When Hong Kong’s Legislative Council inducted its newly elected members on Wednesday, few were expecting a solemn affair. The vote early last month saw the election of several young activists who have ridden the rising tide of the pro-democracy movement in this semiautonomous Chinese territory, and who have not hesitated to voice their opposition to Beijing’s increasing political influence here.
For those anticipating political theater, the new generation of lawmakers did not disappoint. The inauguration requires a reading of an oath of office that demands fealty “to the Hong Kong Special Administrative Region of the People’s Republic of China” and its constitution, the Basic Law — strictures that could be interpreted as precluding liberal demands, such as the calls for Hong Kong’s “self-determination” or outright independence, that several of these maverick politicians champion. Their solution was simple: simply modify the oath, the more creatively the better.

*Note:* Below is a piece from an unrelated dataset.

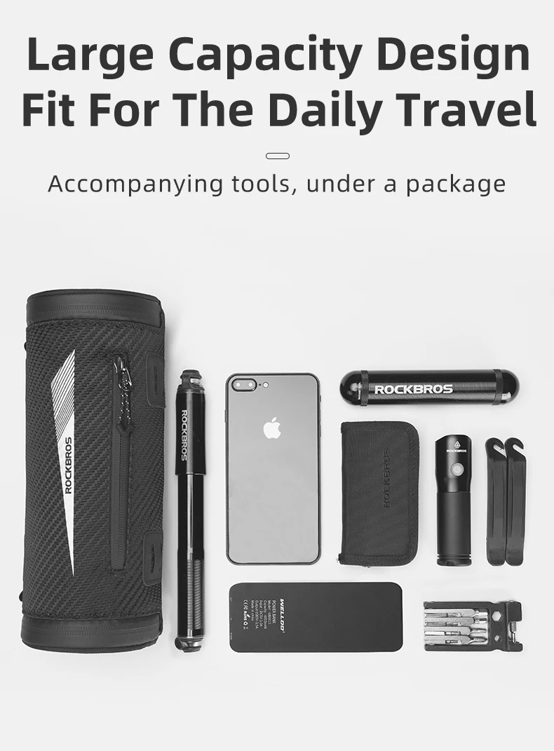 Водонепроницаемый и сдержанный. Идеально помещается в руль. Хорошее пространство для переноски.

The exercise veered dangerously close to farce. Lau Siu-lai, whose activism has included outspoken opposition to the government crackdown on outdoor food vendors — who are seen as symbols of grassroots local culture — chose to read it at exaggeratedly slow speed, saying one word about every 10 seconds.
Thirty-year-old Sixtus “Baggio” Leung, who heads the radical political party Youngspiration, pledged to serve the “Hong Kong Nation” (a term frequently wielded by Hong Kong’s separatists) and pronounced “China” as “Shina” — an old pejorative Japanese term for mainland China, as one reporter pointed out. He then ignored Legislative Council Secretary General Kenneth Chan’s demands to sit down and instead wrapped himself in a blue banner that proclaimed “Hong Kong Is Not China.”

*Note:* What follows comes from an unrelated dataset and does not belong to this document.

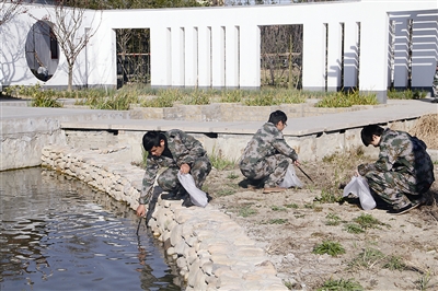 12月17日下午,新桥镇武装部组织民兵应急分队在前七份内河开展河面清理、垃圾清洁等活动。只见10多名队员身着迷彩服,手持铁钳、垃圾袋等,分组清理了河面的漂浮垃圾以及河岸上的生活垃圾。

His party colleague, 25-year-old Yau Wai-ching — who in recent weeks has elicited both praise and pearl-clutching for her frank remarks on apparently prurient matters — also pledged allegiance to the Hong Kong Nation and appeared to call the People’s Republic of China the “People’s Ref-cking of Shina.”
Others were less theatrical. Thirty-eight-year-old Eddie Chu, who ran on a platform opposing local corruption, simply concluded his oath by affirming “democratic self-determination” and proclaiming that “autocracy will die.” Twenty-three-year-old Nathan Law, a figurehead of the 2014 pro-democracy protests who is now the youngest lawmaker in Hong Kong’s history, treated the inauguration ceremony as a soapbox.

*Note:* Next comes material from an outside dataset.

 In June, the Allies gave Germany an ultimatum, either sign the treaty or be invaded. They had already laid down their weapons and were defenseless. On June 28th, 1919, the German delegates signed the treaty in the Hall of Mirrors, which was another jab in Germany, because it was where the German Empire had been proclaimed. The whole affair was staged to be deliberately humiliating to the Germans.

“This sacred ceremony has become a tool of the authorities trying to bend public opinion,” he said and proceeded to quote Indian revolutionary figure Mohandas Gandhi: “You can chain me, you can torture me, you can even destroy this body, but you will never imprison my mind.”
He said of the oath: “I will go through this necessary procedure, but it doesn’t mean I will bend and bow to absolute authority. I will never bear authority to the powers that be that kill the people. I will use my conscience to defend the Hong Kong people.”
Three lawmakers — Leung, Yau, and Edward Yiu, who refused to read the formal oath — saw their oath-taking rejected, according to the Hong Kong Free Press. They will apparently be given the chance to retake their pledges.